He was speaking at the ‘Halal Tech Challenge,’ another event leading up to the official launch of the Malaysian Global Centre for Innovation and Creativity (MaGIC) on April 25..
 
The three most promising companies at the Halal Tech Challenge made presentations to Dr Mohd Irwan Serigar Abdullah, the Secretary General of Malaysia’s Ministry of Finance, also MaGIC chairman.
 
Meanwhile, to make his point about being “slightly mad,” Vishen said that around four years ago, he and Khailee Ng of 500Startups wanted to get invited by Richard Branson of Virgin Group to his island retreat.
 
“We do not believe that the rules of reality hold for us, and so we will set crazy goals,” he added.
 
Setting crazy goals is one thing but achieving them is a whole different ballgame.

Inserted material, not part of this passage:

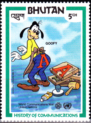 In Bhutan erschien am 10. April 1984 zum Weltkommunikationsjahr eine Briefmarkenserie mit Walt-Disney-Figuren. Auf dieser Marke (MiNr 830) aus der Serie sehen wir Goofy als Drucker.
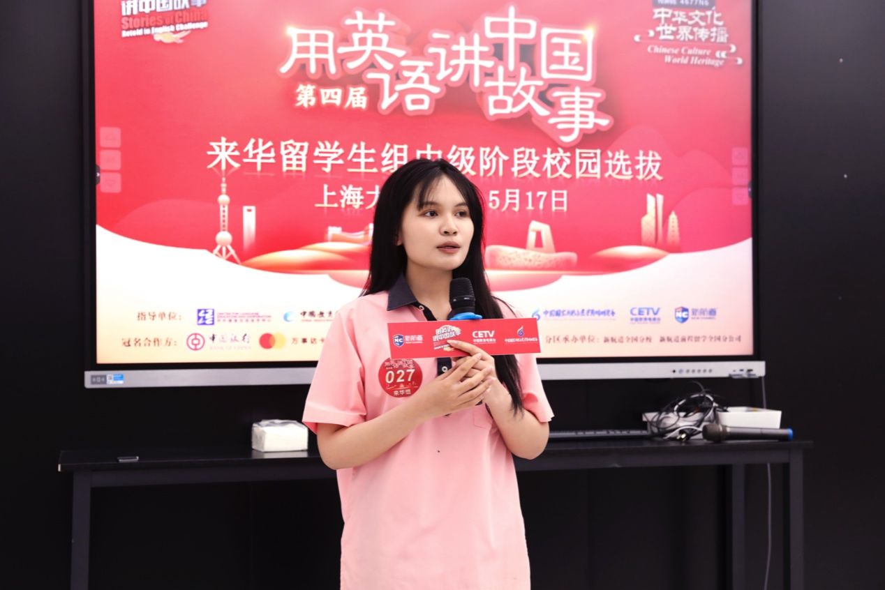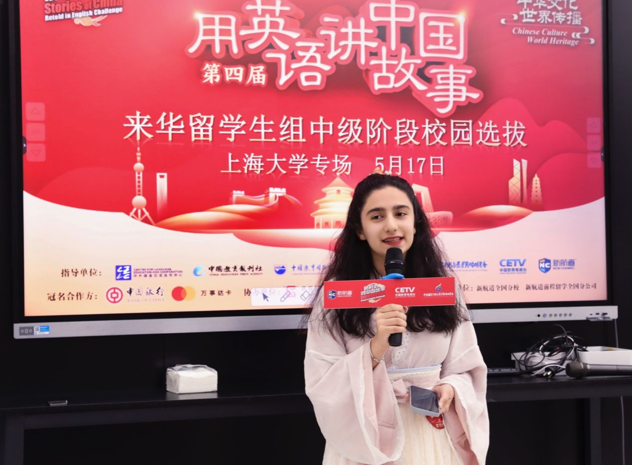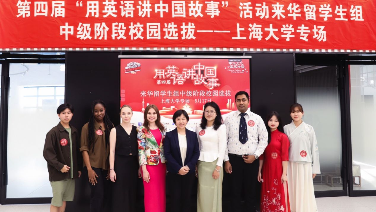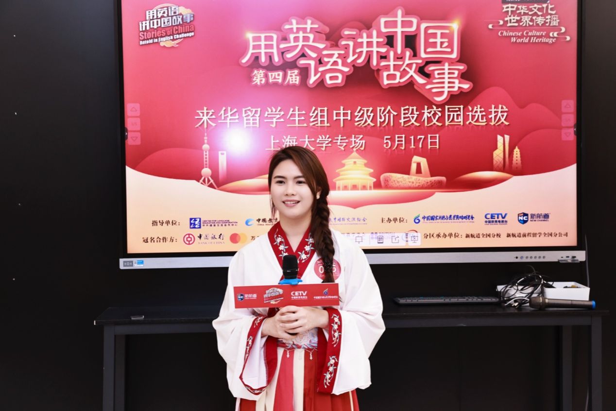 5月17日下午,第四届“用英语讲中国故事”金沙集团1862cc成色国际学生选手校园选拔活动在上大南区创新创业基地多功能报告厅拉开帷幕。本次活动由国际教育学院主办,来自不同专业的22位国际学生选手汇聚一堂,同台竞技,讲述他们心中生动鲜活的中国故事,分享自己对中国传统文化、科技创新、成语故事、社交媒体和社会生活发展等方面的认识、体验和感想。

And that’s a game Vishen is familiar with as he shared with the aspiring entrepreneurs four ideas on how they could achieve crazy goals.
 
Of course it starts with setting them first and he made a pointed observation that most people do not have big enough problems they want to solve.
 
Finding the right mentors is another – best of all, the mentors need not even be people you have a chance of meeting, he argued, urging the audience to read biographies of their role models and make some of them “unofficial mentors.”
 
Most of us take on our dreams and belief of what’s possible “not by rational choice but by imitation,” he said.
 
And that belief becomes even stronger when we follow someone from the same neighbourhood, city, culture or country as us. “It gives us the belief that we can achieve it too.”
 
This is why Silicon Valley is a cauldron of creativity as kids there grow up reading about the exploits of tech titans like Elon Musk of Tesla Motors and Larry Page of Google, he said.
 
And they start to think they can do it themselves. Vishen said he hopes to see such thinking among his fellow Malaysians too.
 
Idea number three is “exit the village,” he urged. “Get your head out of this ecosystem and learn to think global.”
 
He didn’t have to go far for an example here. Last week, a health and wellness app, Dormio, that was built in Mindvalley’s Bangsar office, became the second most popular health and fitness app in the United States on the Apple App Store.
 
“I find however that many Malaysians do not believe they can go global and thus don’t grow as big as they could,” he said, adding that Mindvalley on the other hand specifically targets the US and global markets with its apps.
 
His final idea was for entrepreneurs to “push humanity forward,” arguing that that the best entrepreneurs do not aspire for wealth, recognition or a stock listing. “They do it because they have a genuine thirst to do something really epic in the world.”
 
“Whatever you are doing, I hope it is because there is a need for it, because you are selling a need or service in the world for it that will make humans better,” he added.
 
The worst thing, he says is for young graduates to join a consumer goods company selling unhealthy food.
 
“But, I'm not saying you have to save the world. What I am saying is, at least don't sell s**t that makes it a worse place for our children,” he added.
 
Vishen then shared what Richard Branson told him. Yes, four years after making it their goal to be invited to Necker Island, both Vishen and Khailee did hang out with Branson.
 
Vishen once asked Branson what his secret was in building eight companies in different verticals and taking them all past US$1 billion in value, and was told:

  • Hire people smarter than you
  • Get out of the way and trust them
  • Make them see their work as a mission     

The entrepreneurs there certainly were left with plenty of nuggets to chew from. Hopefully more than a few will take to heart some of Vishen’s ideas and expand the scope of the problems they are hoping to solve and perhaps some can persuade him to be their mentor too.
 
The Halal Tech Challenge
 
The Halal Tech Challenge, which is about creating apps aimed at the global Halal or Islamic-compliant market, was organised by e-commerce site Hijab2Go and venture development fund Mother Goose Venture Developers, in collaboration with MaGIC.
 
The top three companies out of the Challenge, who presented to the Ministry of Finance’s Irwan, were:

Hikmadeea:  An online platform for Quran studies, providing live face-to-face sessions with certified teachers that is Sharia-complaint. Hikmadeea is touted to be a platform for everyone from the busy businessman to those in remote farms or villages.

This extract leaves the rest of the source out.